Kurikulum Berbasis Cinta vs Kekerasan Seksual

0
4
Foto: KH. Ahmad Chuvav Ibriy*. (ist)

OPINI – Kekerasan seksual di sekolah adalah persoalan serius yang kerap terabaikan. Kini saatnya kita menghadirkan KBC, Kurikulum Berbasis Cinta, agar pendidikan benar-benar menjadi ruang yang menjaga, melindungi, dan memuliakan setiap anak.

Dalam peta tiga persoalan mendasar dunia pendidikan, intoleransi, perundungan, dan kekerasan seksual, dosa yang terakhir ini sering kali justru paling tersembunyi. Jika intoleransi bisa terukur lewat survei, dan perundungan kadang tampak dalam interaksi sehari-hari, maka kekerasan seksual di sekolah lebih banyak hidup dalam bisikan, tertutup oleh rasa malu dan takut.

Padahal, dampaknya sungguh besar. Korban kekerasan seksual tidak hanya terluka secara fisik, tetapi juga berisiko mengalami trauma psikologis yang panjang. Data Kemendikbudristek melalui Asesmen Nasional tahun 2022 menunjukkan bahwa sekitar 34,5 persen peserta didik, atau satu dari tiga anak, berpotensi mengalami kekerasan seksual. Angka ini hanyalah gambaran awal dari persoalan yang ada, karena banyak anak masih memilih diam dan belum berani mengungkapkan pengalaman mereka.

Fenomena ini lebih mengerikan ketika kita sadar bahwa pelakunya tidak selalu orang asing. Banyak kasus justru melibatkan guru, pembina, atau kakak kelas—orang-orang yang semestinya menjadi teladan. Di sinilah letak persoalan mendasar dunia pendidikan, institusi yang semestinya memanusiakan, justru bisa berubah menjadi ruang yang merendahkan martabat manusia.

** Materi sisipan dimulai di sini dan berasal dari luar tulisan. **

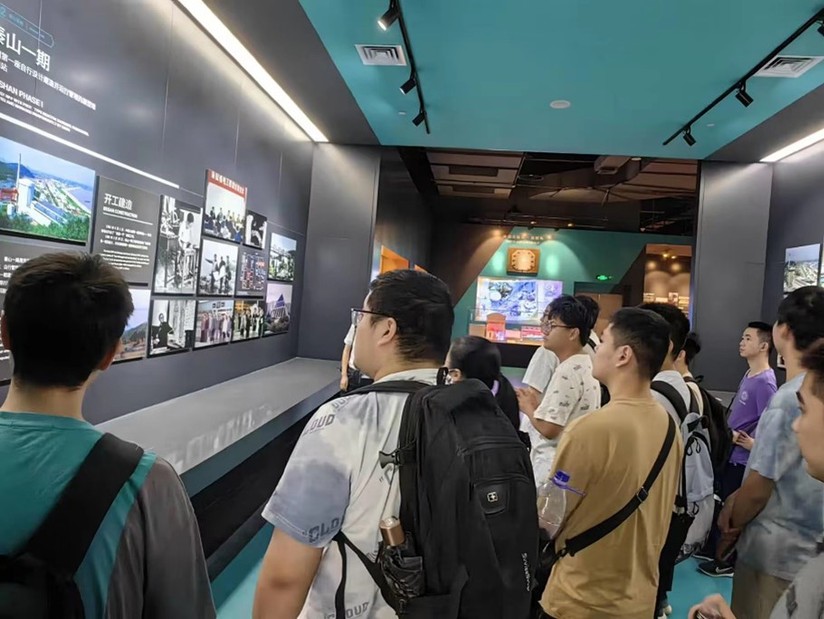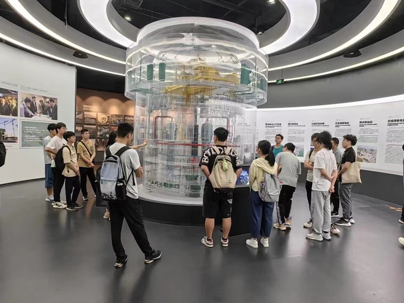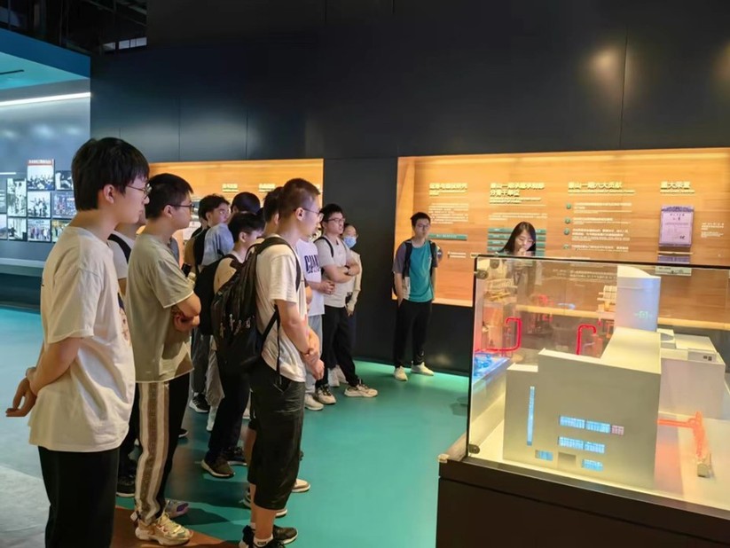 8月3日上午,在秦山核电人力资源处隋老师的陪同下,同学们首先参观了秦山核电科技馆。作为国内目前规模最大、最具特色、公众体验最为丰富的核电科技馆,馆内设有核能与发展、核能与安全、核能与生活三大主题展区,展示了中国核电从“零的突破”到自主设计制造和建设百万千瓦级核电机组,再到拥有自主产权的三代核电技术筚路蓝缕的发展历程。同学们了解到秦山核电作为国之光荣,见证了中国核电从无到有、从小到大、由弱至强,逐步实现从“跟跑”到“并跑”再到“领跑”的进程中做出的重要贡献。在参观过程中,同学们还了解到秦山核电依托全国唯一的商用重水堆,自主研发开展同位素生产,保障国家同位素供应安全,促进核医学发展,助力“健康中国”建设。通过参观,同学们重新梳理了中国核电的发展脉络,在斑驳的历史文物与珍贵的影像资料中体悟到老一辈科学家自力更生、艰苦奋斗、坚守“国之大者”的宝贵精神,也拓宽了大家对于未来核电技术应用前景的认知视野。

Sayangnya, respons sekolah masih sering normatif, menutup rapat-rapat, menyelesaikan secara kekeluargaan, atau sekadar memindahkan pelaku ke lembaga lain. Alih-alih melindungi korban, langkah ini justru memperparah penderitaan. Pendidikan pun berisiko menyimpang dari tujuan luhurnya, menjadi ruang yang rawan kompromi demi menjaga ‘nama baik’.

Kekerasan yang Menyisakan Luka Panjang

Kekerasan seksual di sekolah memiliki karakteristik berbeda dari bentuk kekerasan lainnya. Ia tidak hanya menimbulkan rasa sakit sesaat, melainkan menciptakan luka batin yang sulit sembuh. Banyak korban mengalami depresi, kehilangan semangat belajar, bahkan memutuskan berhenti sekolah. Dalam jangka panjang, trauma ini bisa memengaruhi kepercayaan diri, hubungan sosial, hingga masa depan mereka.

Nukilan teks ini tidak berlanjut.